> _Work instructions_:
Write out, word for word, each line from the start of the entries through the one holding "Бензогенератор Fubag TI"; omit the pictures.

> _Exercise material_:
━━━━━━━━━━━━━━━━━━━━━━━━━━━━━━
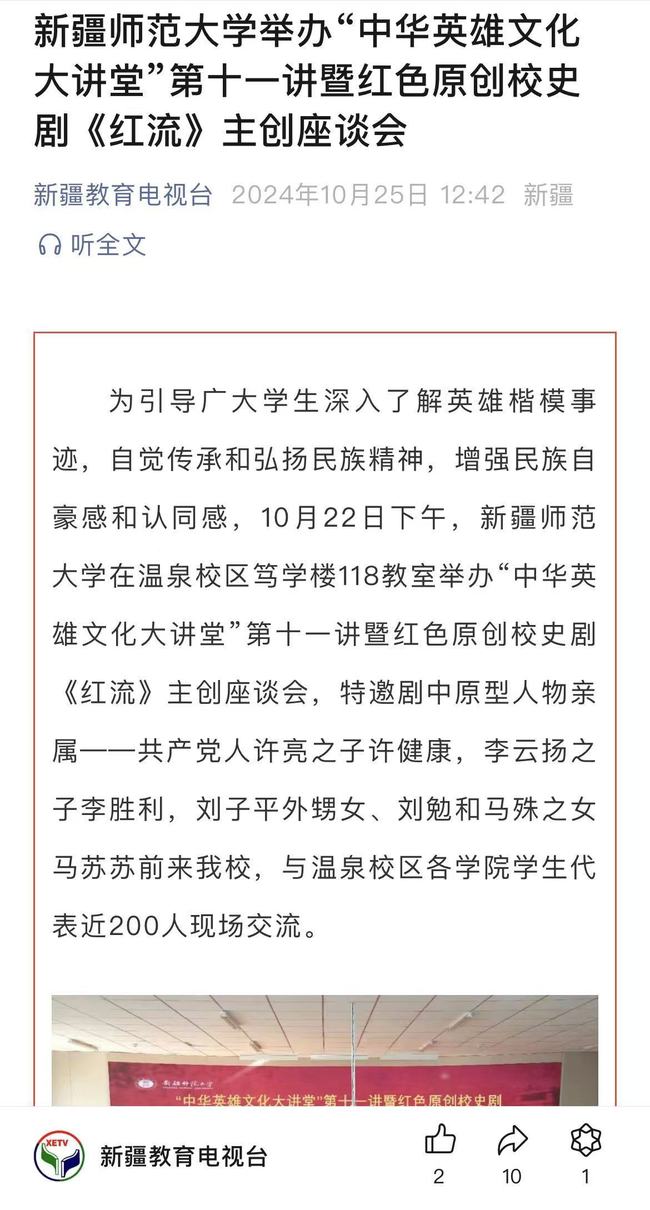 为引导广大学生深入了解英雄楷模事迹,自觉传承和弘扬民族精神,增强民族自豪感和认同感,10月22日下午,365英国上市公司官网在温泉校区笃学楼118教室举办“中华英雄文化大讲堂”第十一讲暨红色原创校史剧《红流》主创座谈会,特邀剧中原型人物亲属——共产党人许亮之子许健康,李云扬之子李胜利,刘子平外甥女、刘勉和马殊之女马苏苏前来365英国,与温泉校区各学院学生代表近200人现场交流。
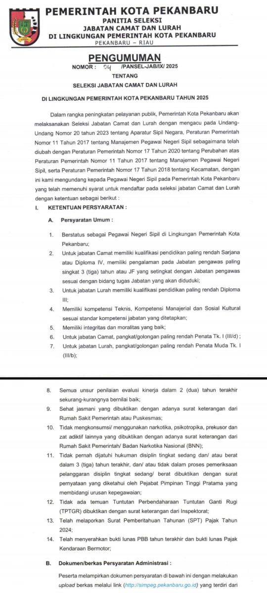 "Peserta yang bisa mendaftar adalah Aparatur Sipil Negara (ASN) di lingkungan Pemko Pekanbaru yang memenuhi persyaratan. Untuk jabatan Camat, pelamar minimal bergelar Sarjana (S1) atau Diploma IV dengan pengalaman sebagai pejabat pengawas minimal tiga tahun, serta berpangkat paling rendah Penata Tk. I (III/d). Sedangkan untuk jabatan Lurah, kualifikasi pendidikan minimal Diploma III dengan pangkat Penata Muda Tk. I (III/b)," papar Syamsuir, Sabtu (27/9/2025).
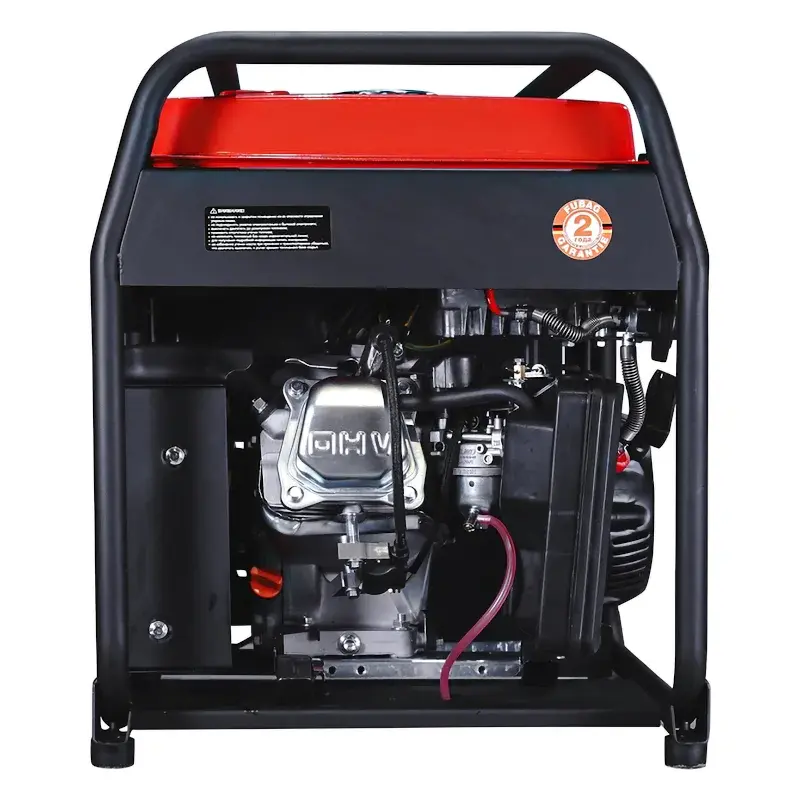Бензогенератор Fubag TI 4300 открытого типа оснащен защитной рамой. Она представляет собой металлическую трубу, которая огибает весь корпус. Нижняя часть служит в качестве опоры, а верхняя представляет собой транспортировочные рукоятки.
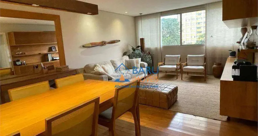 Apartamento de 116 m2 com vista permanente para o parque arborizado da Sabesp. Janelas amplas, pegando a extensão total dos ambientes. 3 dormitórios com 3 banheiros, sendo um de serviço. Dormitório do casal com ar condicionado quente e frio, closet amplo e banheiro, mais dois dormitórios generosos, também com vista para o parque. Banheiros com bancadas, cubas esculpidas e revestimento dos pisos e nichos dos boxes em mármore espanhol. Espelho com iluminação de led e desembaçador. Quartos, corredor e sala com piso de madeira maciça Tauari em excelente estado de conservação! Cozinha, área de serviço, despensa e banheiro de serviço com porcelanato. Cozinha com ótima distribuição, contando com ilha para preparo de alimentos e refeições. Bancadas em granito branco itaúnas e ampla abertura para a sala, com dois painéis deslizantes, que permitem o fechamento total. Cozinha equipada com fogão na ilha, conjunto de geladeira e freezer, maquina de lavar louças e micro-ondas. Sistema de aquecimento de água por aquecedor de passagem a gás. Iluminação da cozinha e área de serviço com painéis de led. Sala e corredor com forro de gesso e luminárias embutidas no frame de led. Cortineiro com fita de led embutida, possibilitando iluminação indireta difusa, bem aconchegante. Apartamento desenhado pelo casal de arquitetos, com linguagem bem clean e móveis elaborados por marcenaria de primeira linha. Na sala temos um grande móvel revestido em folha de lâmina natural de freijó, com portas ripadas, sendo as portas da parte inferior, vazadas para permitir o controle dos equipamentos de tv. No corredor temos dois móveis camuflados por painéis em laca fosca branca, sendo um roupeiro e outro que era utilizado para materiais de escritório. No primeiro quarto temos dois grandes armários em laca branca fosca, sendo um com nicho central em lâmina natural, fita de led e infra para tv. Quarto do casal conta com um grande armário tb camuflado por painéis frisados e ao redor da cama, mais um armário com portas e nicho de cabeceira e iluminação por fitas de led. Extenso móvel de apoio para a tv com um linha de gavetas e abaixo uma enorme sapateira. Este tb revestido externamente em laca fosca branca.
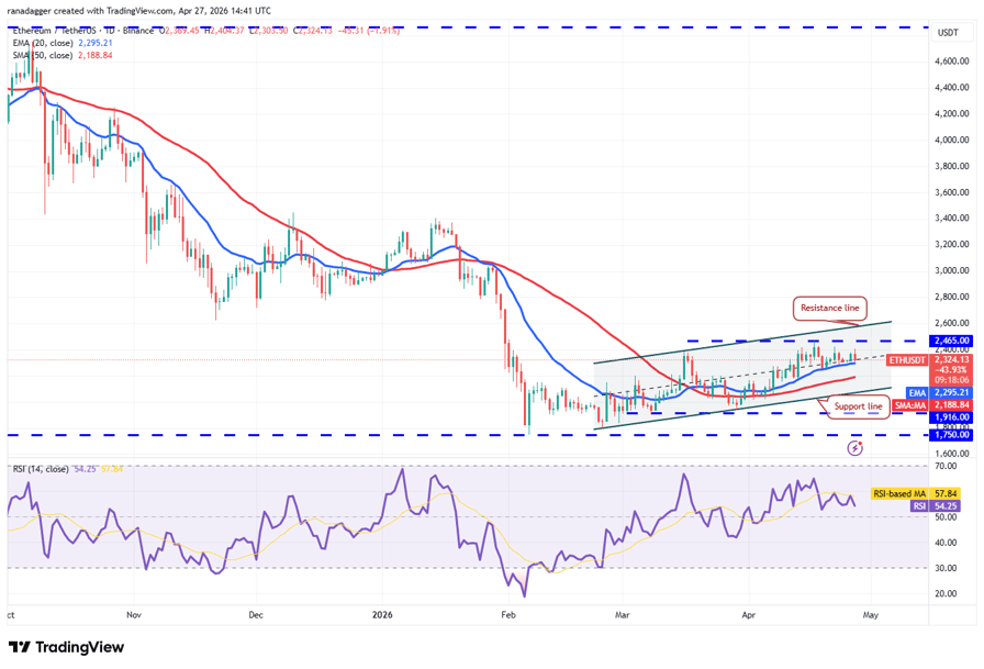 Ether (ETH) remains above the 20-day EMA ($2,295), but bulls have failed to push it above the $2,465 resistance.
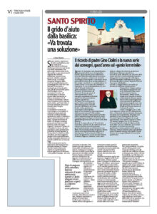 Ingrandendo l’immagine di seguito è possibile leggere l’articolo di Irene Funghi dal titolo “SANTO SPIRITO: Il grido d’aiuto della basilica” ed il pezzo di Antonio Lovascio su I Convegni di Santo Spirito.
━━━━━━━━━━━━━━━━━━━━━━━━━━━━━━
> _Written solution_:
 为引导广大学生深入了解英雄楷模事迹,自觉传承和弘扬民族精神,增强民族自豪感和认同感,10月22日下午,365英国上市公司官网在温泉校区笃学楼118教室举办“中华英雄文化大讲堂”第十一讲暨红色原创校史剧《红流》主创座谈会,特邀剧中原型人物亲属——共产党人许亮之子许健康,李云扬之子李胜利,刘子平外甥女、刘勉和马殊之女马苏苏前来365英国,与温泉校区各学院学生代表近200人现场交流。
 "Peserta yang bisa mendaftar adalah Aparatur Sipil Negara (ASN) di lingkungan Pemko Pekanbaru yang memenuhi persyaratan. Untuk jabatan Camat, pelamar minimal bergelar Sarjana (S1) atau Diploma IV dengan pengalaman sebagai pejabat pengawas minimal tiga tahun, serta berpangkat paling rendah Penata Tk. I (III/d). Sedangkan untuk jabatan Lurah, kualifikasi pendidikan minimal Diploma III dengan pangkat Penata Muda Tk. I (III/b)," papar Syamsuir, Sabtu (27/9/2025).
Бензогенератор Fubag TI 4300 открытого типа оснащен защитной рамой. Она представляет собой металлическую трубу, которая огибает весь корпус. Нижняя часть служит в качестве опоры, а верхняя представляет собой транспортировочные рукоятки.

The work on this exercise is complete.